##### Extracted records

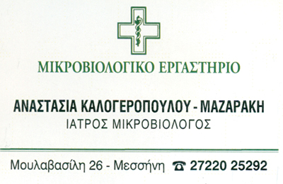 ΜικροβιολόγοιΜικροβιολόγοι - ΒιοπαθολόγοιΥγείαΜουλαβασίλη 26, ΜεσσήνηΜΕΣΣΗΝΗ ΜΕΣΣΗΝΙΑΣΜΕΣΣΗΝΙΑΠΕΛΟΠΟΝΝΗΣΟΣ2722025292kalogerpoyloyanastasia@gmail.comΚαθημερινά 07:30 -13:30 αιμοληψίες κατ' οίκον. Μοιραστείτε τις πληροφορίες της επιχείρησής στα κοινωνικά δίκτυα:
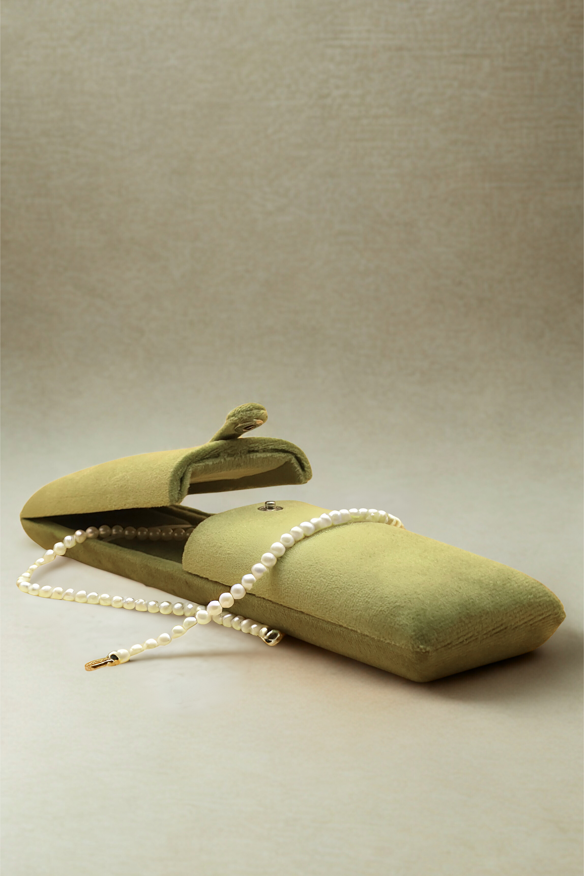 Crafted in a soft velvet-satin exterior, this box features a smooth matte finish that feels refined while gently protecting your jewelry. The structured rectangular shape opens to a softly padded interior, designed to hold necklaces and layered pieces comfortably without bending or tangling.
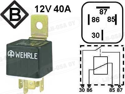 Rele 12V 40A, 4-nap.
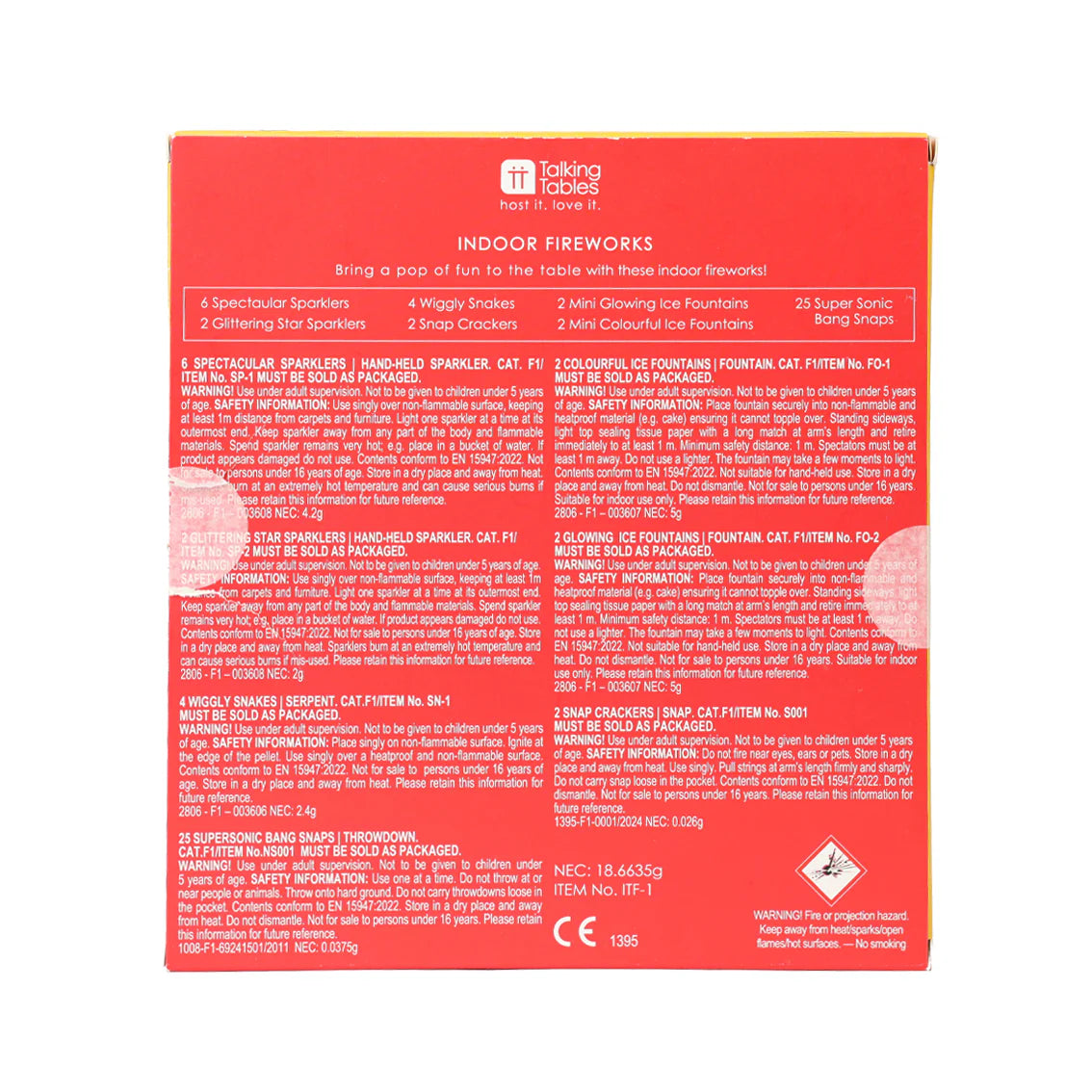Contents: 6 spectaular sparklers, 2 glittering star sparklers, 4 Wiggly Snakes, 2 snap crackers, 2 Mini Glowing Ice Fountains, 2 Mini Colourful Ice Fountains, 25 Bang Snaps
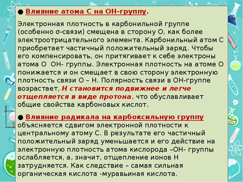 - 8. Карбоновые кислоты — класс органических соединений, молекулы которого содержат карбоксильную группу
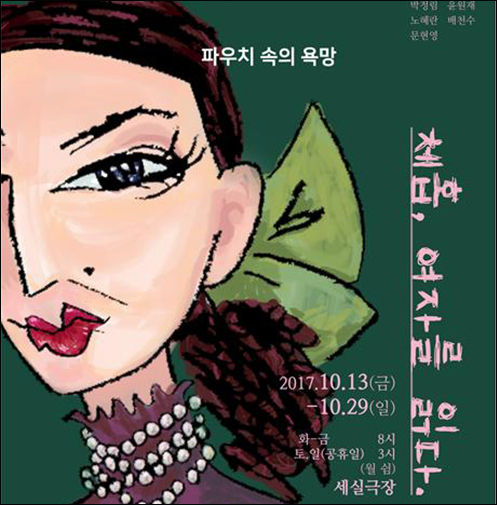 [우리문화신문=이나미 기자] 오는 2017년 10월 13일(금)부터 10월 29일(일)까지 안톤 체홉의 에로티시즘 미발표 단편을 극화한 연극 <체홉, 여자를 읽다 (부제: 파우치 속의 욕망)>가 정동 세실극장 무대에 오른다.
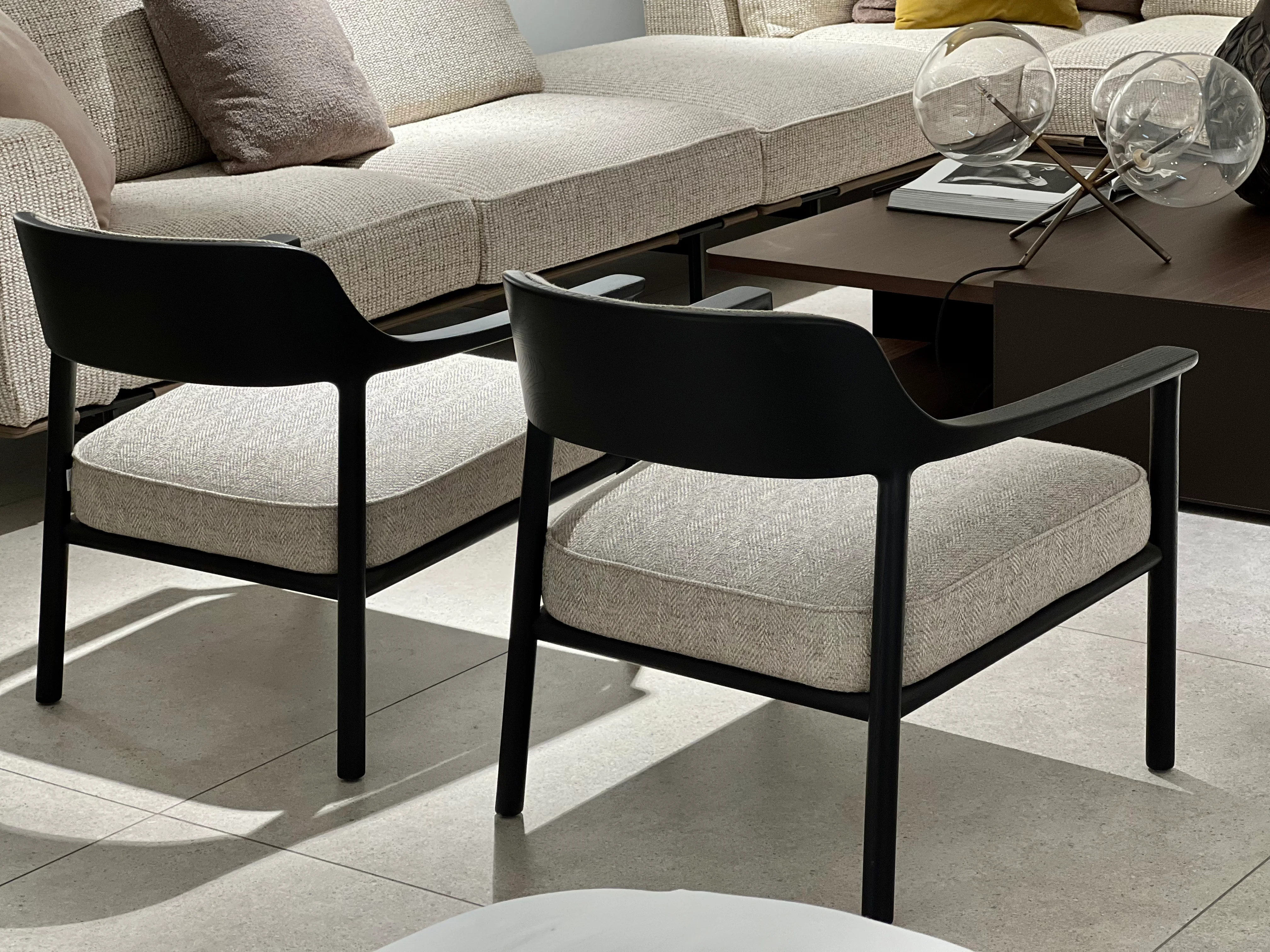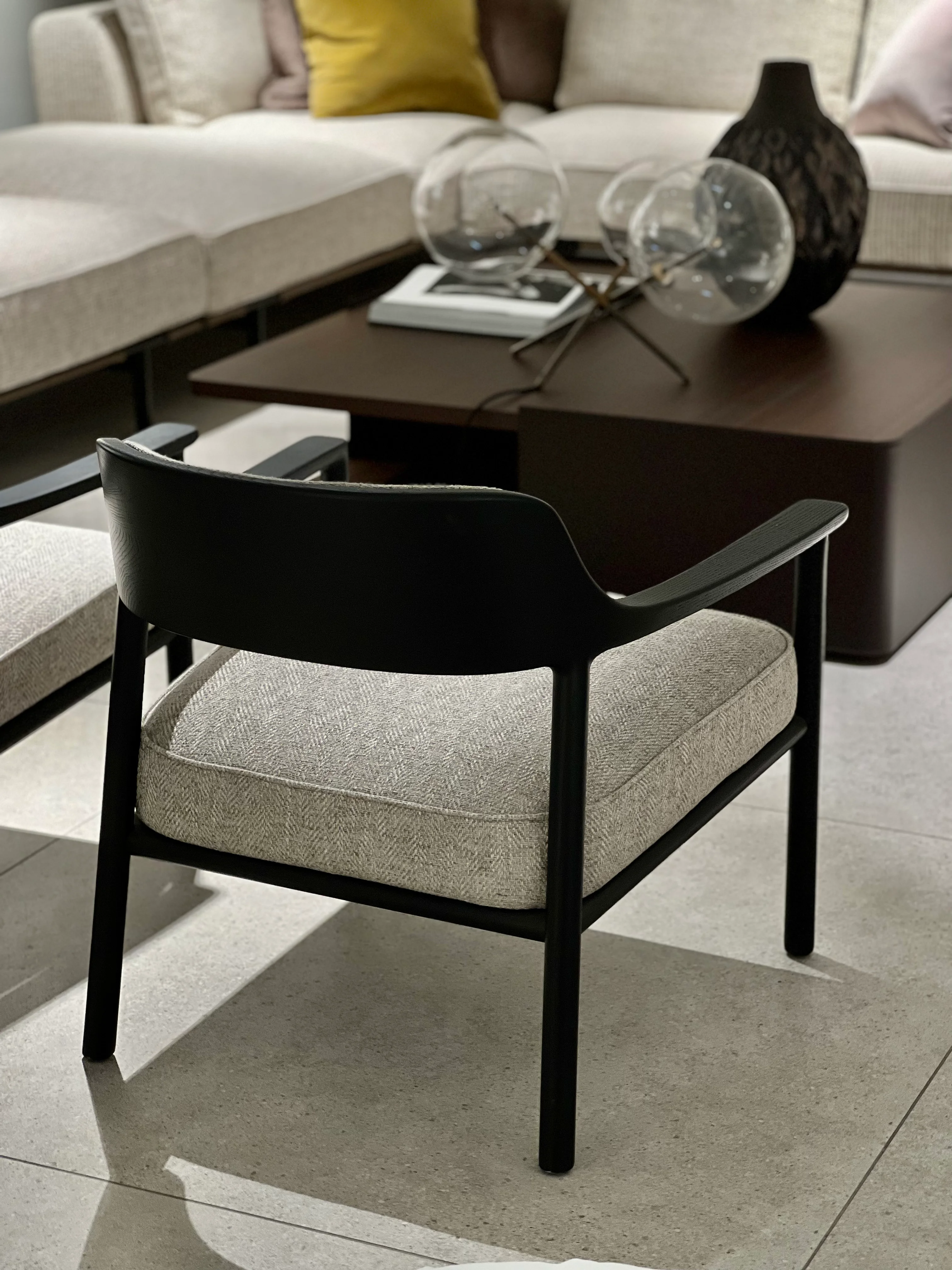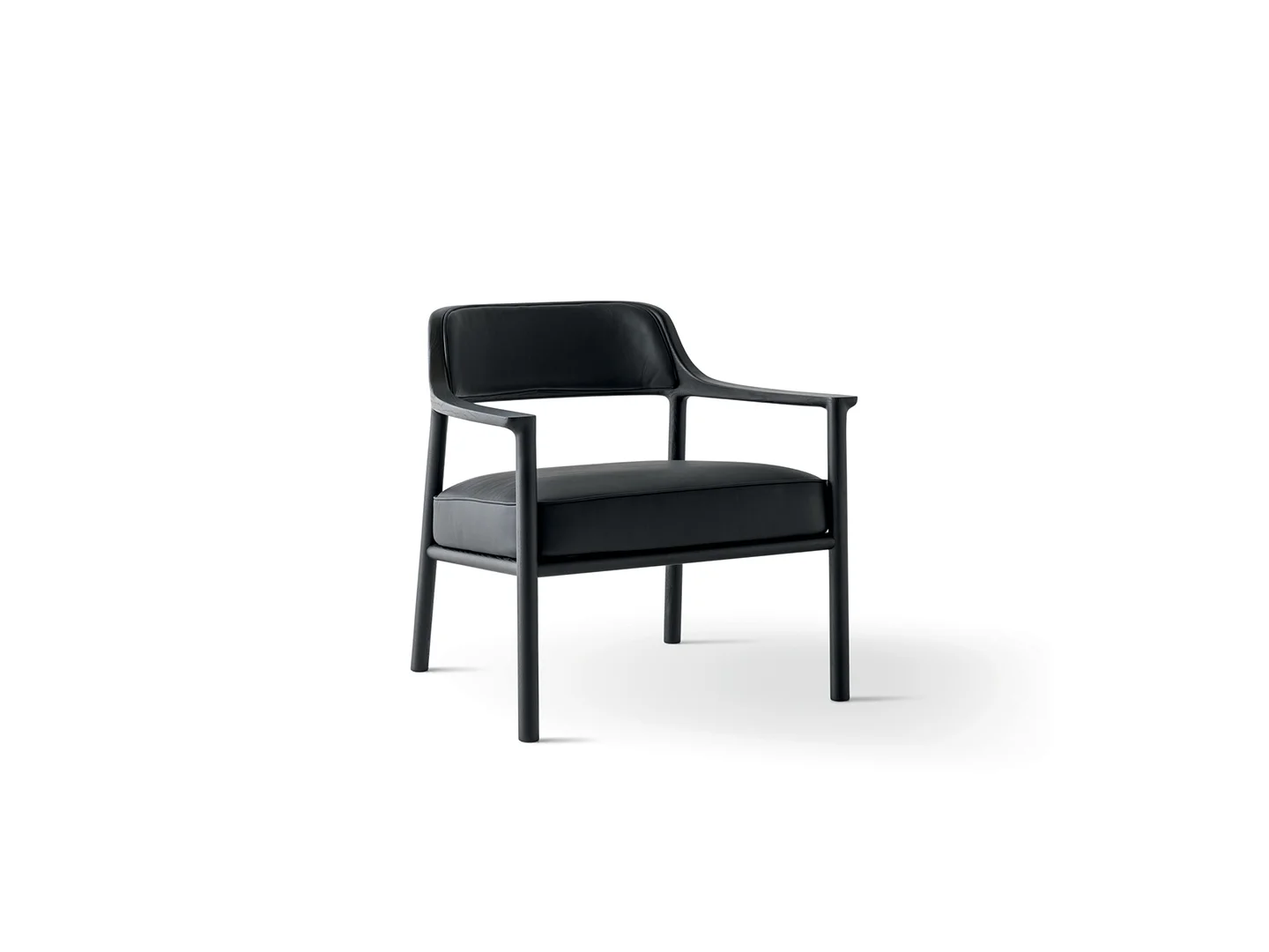Designed for a contemporary and convivial setting, the relaxed style of this little armchair is played out on its contrasts: the essential elegance of the frame contrasts with the softness of the seat.
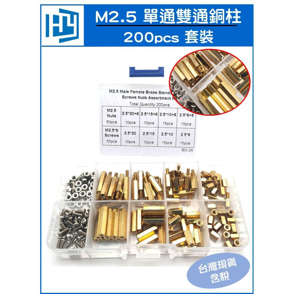 200pcs M2.5 六角 銅柱 單通 雙通隔離柱 PCB 隔離柱 黃銅 200顆 盒裝 套裝
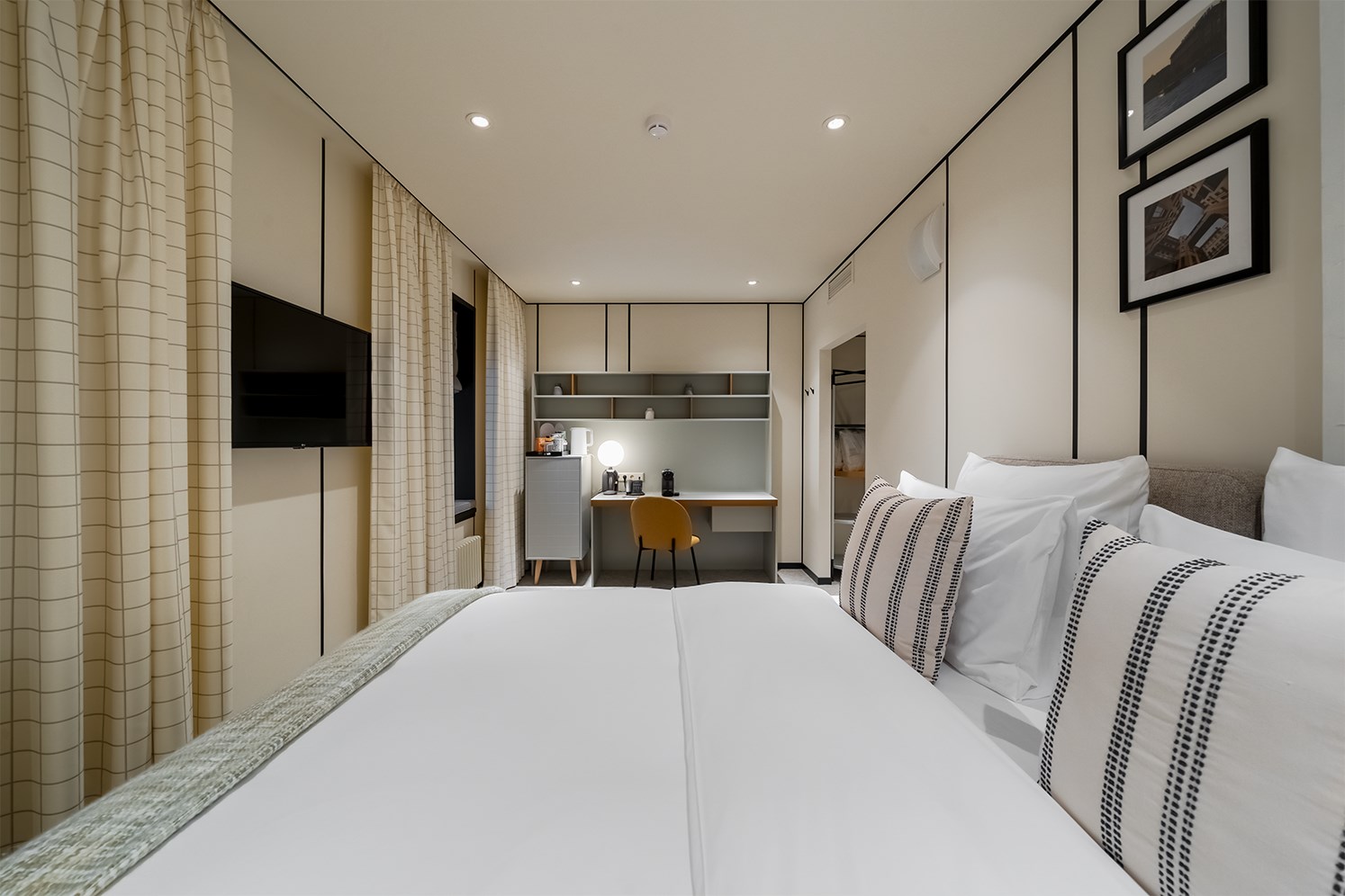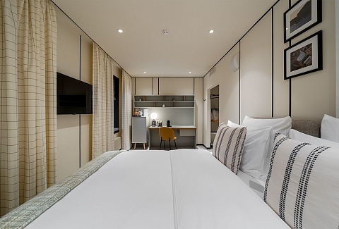 В номере: диван, зеркало, кровать двуспальная, стол, стул, шкаф, кондиционер, мини-холодильник, телевизор ЖК, электрочайник
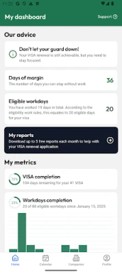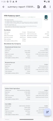 Atsisveikinkite su sudėtingais skaičiavimais ranka ir pasisveikinkite su sklandžiu darbo valandų fiksavimu bei galingomis, vieno mygtuko paspaudimu generuojamomis ataskaitomis. „My Visa Tracker" intuityvi sąsaja užtikrina, kad visada žinotumėte savo pažangą. Mūsų naujos VISA suvestinės ataskaitos, specialiai sukurtos tiems, kurie siekia įvykdyti nustatytų 88 dienų darbo reikalavimus, supaprastina procesą. Šios ataskaitos yra suformatuotos taip, kad duomenis būtų galima lengvai nukopijuoti ir įklijuoti tiesiai į Australijos vidaus reikalų departamento (DHA) formas, užtikrinant tikslumą ir sumažinant stresą. Kas mėnesį galite gauti iki 5 nemokamų suvestinių ataskaitų, leidžiančių nuolat stebėti savo darbo istoriją ir atitikimą vizos sąlygoms.
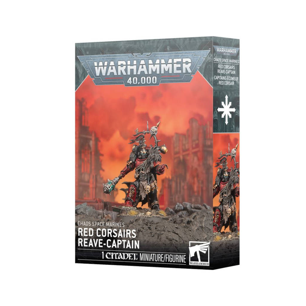 Ce kit en plastique pour Warhammer 40K contient 1 Red Corsairs Reave-Captain, un capitaine pirate sans merci pour les armées de Space Marines du Chaos.
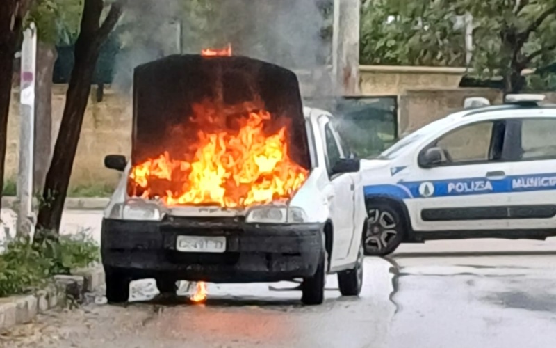 L’autovettura é stata tempestivamente abbandonata dal conducente e l’area é stata mantenuta in sicurezza da una pattuglia della PM.
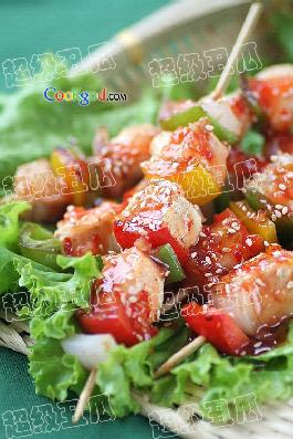 3)用竹签将鸡块,洋葱块和青红黄椒块,按照你喜欢的排列顺序串在一起。
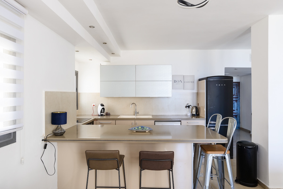 Rilassati in una suite tranquilla ed elegante di Herzliya Pituah in una villa lavata con verdure. Perfetto per chi viaggia da solo o per una coppia. La suite si trova al 1 ° piano (sopra K.K.) in una villa privata (a cui si accede da scale di design, ma ripide, non adatte a persone con disabilità. La suite è climatizzata e completamente arredata, include un soggiorno, una zona lavoro, una camera da letto per coccole, un angolo cottura completamente attrezzato e un bagno moderno. A pochi minuti dall'incantevole spiaggia e dal lungomare dell'Herzliya. A pochi minuti a piedi da supermercato, centro negozi, lavanderia, caffetterie e ristoranti, Medical Center. Accessibilità per gli autobus per Tel Aviv, per Herzliya, treno per l'aeroporto Ben Gurion.
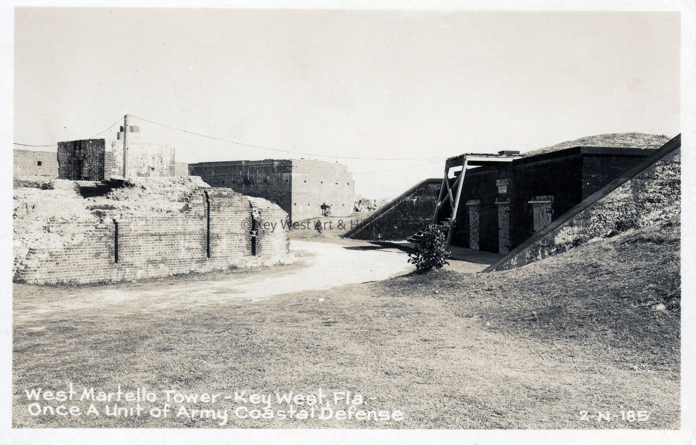 Postcard depicting the ruins of Fort West Martello. The caption reads, ‘West Martello Tower, Key West, Florida. Once a unit of Army coastal defense’.Subject Place

##########

→ Work instruction
Copy each line of the records precisely and drop any images they hold.

→ Exercise solution
 ΜικροβιολόγοιΜικροβιολόγοι - ΒιοπαθολόγοιΥγείαΜουλαβασίλη 26, ΜεσσήνηΜΕΣΣΗΝΗ ΜΕΣΣΗΝΙΑΣΜΕΣΣΗΝΙΑΠΕΛΟΠΟΝΝΗΣΟΣ2722025292kalogerpoyloyanastasia@gmail.comΚαθημερινά 07:30 -13:30 αιμοληψίες κατ' οίκον. Μοιραστείτε τις πληροφορίες της επιχείρησής στα κοινωνικά δίκτυα:
 Crafted in a soft velvet-satin exterior, this box features a smooth matte finish that feels refined while gently protecting your jewelry. The structured rectangular shape opens to a softly padded interior, designed to hold necklaces and layered pieces comfortably without bending or tangling.
 Rele 12V 40A, 4-nap.
Contents: 6 spectaular sparklers, 2 glittering star sparklers, 4 Wiggly Snakes, 2 snap crackers, 2 Mini Glowing Ice Fountains, 2 Mini Colourful Ice Fountains, 25 Bang Snaps
 - 8. Карбоновые кислоты — класс органических соединений, молекулы которого содержат карбоксильную группу
 [우리문화신문=이나미 기자] 오는 2017년 10월 13일(금)부터 10월 29일(일)까지 안톤 체홉의 에로티시즘 미발표 단편을 극화한 연극 <체홉, 여자를 읽다 (부제: 파우치 속의 욕망)>가 정동 세실극장 무대에 오른다.
Designed for a contemporary and convivial setting, the relaxed style of this little armchair is played out on its contrasts: the essential elegance of the frame contrasts with the softness of the seat.
 200pcs M2.5 六角 銅柱 單通 雙通隔離柱 PCB 隔離柱 黃銅 200顆 盒裝 套裝
 В номере: диван, зеркало, кровать двуспальная, стол, стул, шкаф, кондиционер, мини-холодильник, телевизор ЖК, электрочайник
 Atsisveikinkite su sudėtingais skaičiavimais ranka ir pasisveikinkite su sklandžiu darbo valandų fiksavimu bei galingomis, vieno mygtuko paspaudimu generuojamomis ataskaitomis. „My Visa Tracker" intuityvi sąsaja užtikrina, kad visada žinotumėte savo pažangą. Mūsų naujos VISA suvestinės ataskaitos, specialiai sukurtos tiems, kurie siekia įvykdyti nustatytų 88 dienų darbo reikalavimus, supaprastina procesą. Šios ataskaitos yra suformatuotos taip, kad duomenis būtų galima lengvai nukopijuoti ir įklijuoti tiesiai į Australijos vidaus reikalų departamento (DHA) formas, užtikrinant tikslumą ir sumažinant stresą. Kas mėnesį galite gauti iki 5 nemokamų suvestinių ataskaitų, leidžiančių nuolat stebėti savo darbo istoriją ir atitikimą vizos sąlygoms.
 Ce kit en plastique pour Warhammer 40K contient 1 Red Corsairs Reave-Captain, un capitaine pirate sans merci pour les armées de Space Marines du Chaos.
 L’autovettura é stata tempestivamente abbandonata dal conducente e l’area é stata mantenuta in sicurezza da una pattuglia della PM.
 3)用竹签将鸡块,洋葱块和青红黄椒块,按照你喜欢的排列顺序串在一起。
 Rilassati in una suite tranquilla ed elegante di Herzliya Pituah in una villa lavata con verdure. Perfetto per chi viaggia da solo o per una coppia. La suite si trova al 1 ° piano (sopra K.K.) in una villa privata (a cui si accede da scale di design, ma ripide, non adatte a persone con disabilità. La suite è climatizzata e completamente arredata, include un soggiorno, una zona lavoro, una camera da letto per coccole, un angolo cottura completamente attrezzato e un bagno moderno. A pochi minuti dall'incantevole spiaggia e dal lungomare dell'Herzliya. A pochi minuti a piedi da supermercato, centro negozi, lavanderia, caffetterie e ristoranti, Medical Center. Accessibilità per gli autobus per Tel Aviv, per Herzliya, treno per l'aeroporto Ben Gurion.
 Postcard depicting the ruins of Fort West Martello. The caption reads, ‘West Martello Tower, Key West, Florida. Once a unit of Army coastal defense’.Subject Place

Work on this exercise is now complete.